ADA: Unless disability is obvious, employee must disclose.
FMLA: If foreseeable, must give 30 days notice. If not foreseeable, employee must give notice as soon as practicable.
WC: Both VA and TN- Unless known, employee must give written notification to employer (VA- immediate, TN- reasonable time); no compensation payable unless notice given within 30 days of injury. VA- Employer must report injury to the Worker's Compensation Commission within 10 days. TN- Employer must give notification to Division of Worker's Compensation within 14 days.
Questioning the Job Applicant.
ADA: Cannot ask whether person has a disability, may ask whether person has the ability to perform the specific job requirements; if disability is obvious, may discuss accommodation.
*TIP:
Don't - ask applicant how often individual will require leave for treatment or use leave as a result of incapacitation; Do - state attendance requirements of job and inquire whether applicant can meet them.
Medical Documentation.
ADA: May make medical inquiries and examination necessary to determine whether an accommodation is truly needed or would be effective. May use employer's physician.

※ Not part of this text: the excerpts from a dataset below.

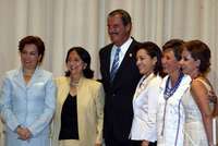 Durante una ceremonia en el Museo de Antropología para difundir el Informe sobre Desarrollo Social y Humano México-2004, elaborado por las Naciones Unidas (PNUD), ubicó también a una "quintilla de ases'', cinco mujeres maravillosas -dijo- que encabezan el gran esfuerzo nacional para el desarrollo humano.
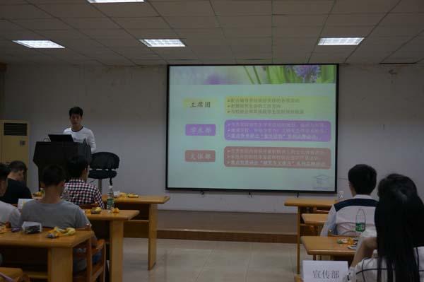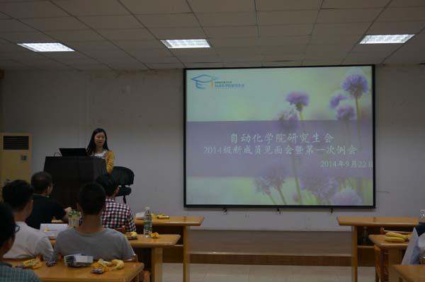21点30分,研究生会各位成员在部门负责人的引领下有序就座,迎新见面会正式开始。首先由研究生会副主席虞波同学致欢迎辞并介绍了研究生会的一些基本的规范制度;随后研究生会主席孟无忌发表讲话,他首先代表研究生会对2014级新成员的加入表示了热烈的祝贺和欢迎;接着又介绍了研究生会的基本结构和各部门职能,并结合自身经历,对2014级的新成员们提出了几点建议和要求,希望大家在研究生会能够踏踏实实、认认真真的做好每一件事,更好的为全院研究生服务;最后,研究生辅导员刘斐文发表讲话,鼓励大家好好工作努力科研,希望研究生会成为一个促进大家迅速成长、全面发展的平台。讲话结束后,会场立刻响起热烈的掌声。从这片掌声中,能听到大家对做好自身工作的坚毅决心,更能听到大家对研究生生活的美好期望。
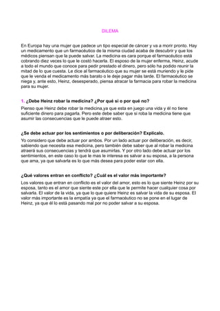 Este documento presenta el dilema de Heinz, cuyo esposa está muriendo de cáncer y solo un nuevo medicamento descubierto por un farmacéutico puede salvarla. Sin embargo, el medicamento es muy caro y Heinz solo ha podido reunir la mitad del costo. Al negarse el farmacéutico a venderlo más barato o dejar pagar después, Heinz considera robar el medicamento de la farmacia para salvar a su esposa.
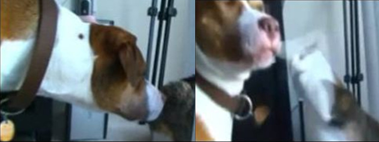 특히 개는 자신이 지금 무슨일을 당하고 있는지 모를 만큼 따귀를 맞아 어안이 벙벙해진 표정이 고스란히 담겨 네티즌들의 웃음을 자아내고 있다. (사진-온라인 커뮤니티 동영상 캡처)
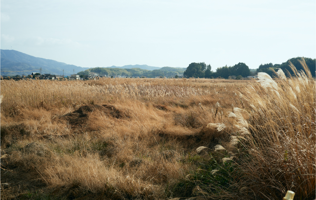 背景の耕作放棄地は開墾予定の地
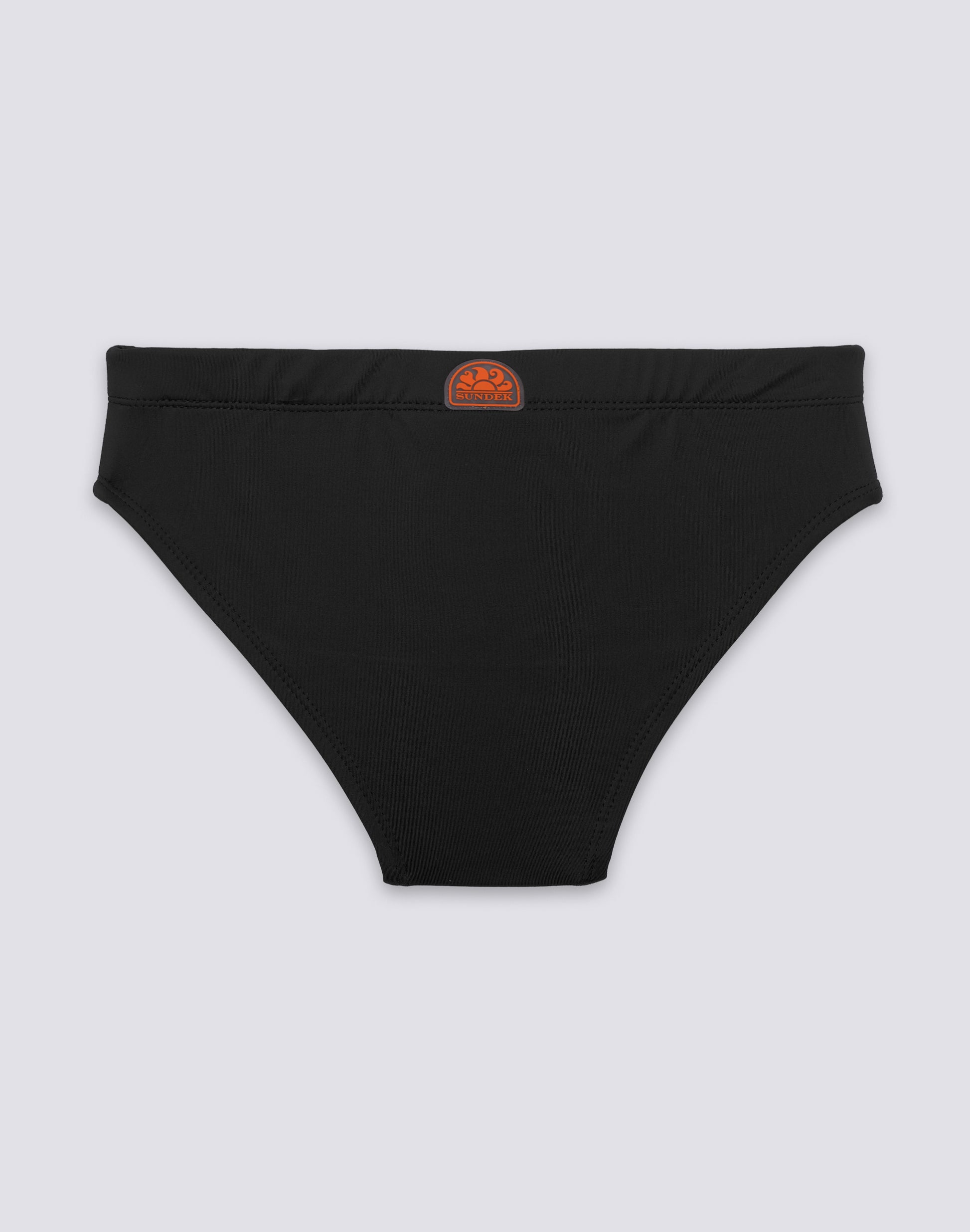 Immergiti nei colori dell'arcobaleno. Costume mare slip bambino in nylon Econyl rigenerato, con dettaglio tricolore su un lato.
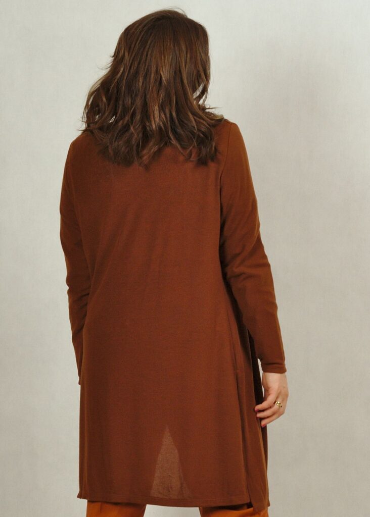 Kardigan ma długie rozporki i bardzo prosty klasyczny fason.

FMLA: Can require certification (illness, duration, treatment); may have second opinion at employer's expense.
WC: Employer must be kept informed; can gain more extensive information than under ADA and FMLA.
*TIP: Employer cannot use greater access to information from WC case to deny FMLA leave.
*TIP: Medical information collected under ADA must be identified as "confidential medical record" and must be placed in separate medical file, apart from other personnel files.
Benefits.
ADA: May reduce benefits; but watch out for discriminate treatment.
FMLA: Medical coverage and other pre-existing benefits must be maintained during leave; leave cannot count against employee for attendance (including no fault policy), length-of-service, bonus calculations, etc.
WC: Employers must cover expenses for work-related injury/illness.
Disqualifying Events.
ADA: Employee's refusal of a reasonable accommodation; failure to provide medical certification.
FLMA: Employee's failure to provide medical certification.
WC: Illness or injury not work-related; Both VA and TN- willful acts, intoxication (drug or alcohol), violation of safety rules, "going-and-coming" to work, recreational activities; VA- attempt to injure another.
Exceptions for Employers.
ADA: Need not provide accommodation that is an undue burden on business, violates union contract, displaces another employee; need not accommodate employee whose impairment poses a direct or significant risk to self or others.
FMLA: Certain "key employees" cannot demand return to equivalent positions.
Conclustion.
These various requirements must be considered when an employer is developing its leave policy. A well-developed and implemented written attendance policy is the best defense to a claim brought under the ADA, FMLA, or workers compensation laws.